Dienstag, 15. Mai 2007

"Planänderung"

Um 6.30 Uhr wachte ich auf. Erstmal Kaffee kochen, Badezimmer, anziehen und dann zum Frühstück im Motel.

Die Auswahl war ok, da konnte man nicht meckern. Ich nahm mir ein paar Cornflakes und toastete mir einen dieser kleinen Bagels. Ich verstehe nicht, warum die Teile so dermaßen stopfen, denn nach einem dreiviertel Bagel war ich pappsatt

Nachdem Blacky beladen war und ich ausgecheckt hatte, fuhr ich durch den Ort, bis die Straße im Osten aufhört. Dort war ein Hinweisschild zum Crystal Geyser und auch wenn die Chancen, eine Eruption erleben zu können, schlecht sind, wollte ich mir diese Ecke wenigstens mal anschauen, wenn ich schon in der Gegend bin. Als ich dort ankam, hörte man ihn zwar blubbern, aber er machte keine Anstalten, innerhalb der nächsten 10 Minuten auszubrechen und mehr Zeit gestand ich ihm nicht zu. Daher machte ich nur ein paar Bilder von den wirklich sehenswerten Travertinterrassen.

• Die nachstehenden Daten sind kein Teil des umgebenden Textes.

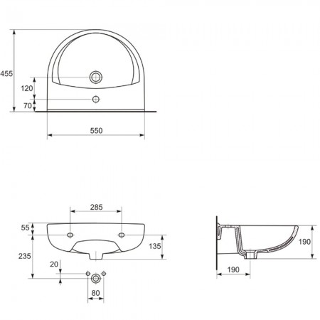 K08-261 PRESIDENT Раковина 55 ONE HOLE з отвором для змішувача (картон) (1 сорт)
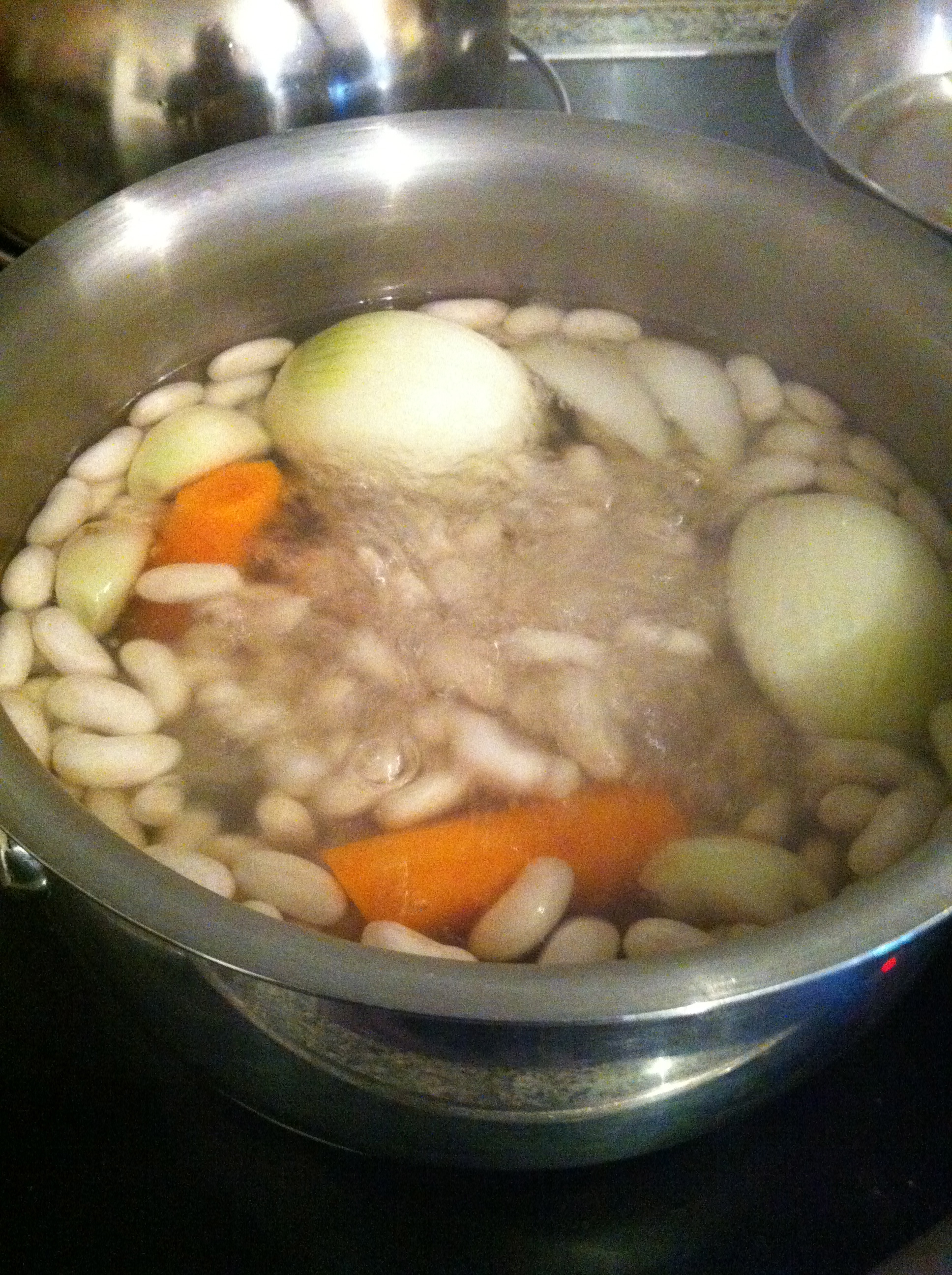 It’s really simple – bring the beans, onion, carrot, garlic head, 1 teaspoon salt, bay leaves, and 6 cups water to a boil in a large saucepan over medium-high heat. Reduce the heat to low, partially cover, and simmer, stirring occasionally, until the beans are almost tender, 1 to 1 ¼ hours, adding more water if necessary. (I think if you soak the beans for a few hours first, it makes this part go a little more quickly – I soaked mine the second time I made this and it resulted in maybe 20 minutes less cooking time. Also, I peeled my onion. Nothing bad happened because of it.) Here is a picture of mine, simmering away, although you can’t see the garlic. It should smell similar to chicken soup at this point:

Dann verabschiedete ich mich von dem launischen Kerlchen, er hat nämlich keine festen Zeiten, zu denen er sich zeigt. Man liest so alle 17 - 35 Stunden. - so viel Zeit wollte ich hier nun wirklich nicht verbringen  .

In Green River bekam Blacky sein Frühstück, ich füllte die Kühlbox auf und fuhr dann zu einer Werkstatt, um den Reifen begutachten zu lassen.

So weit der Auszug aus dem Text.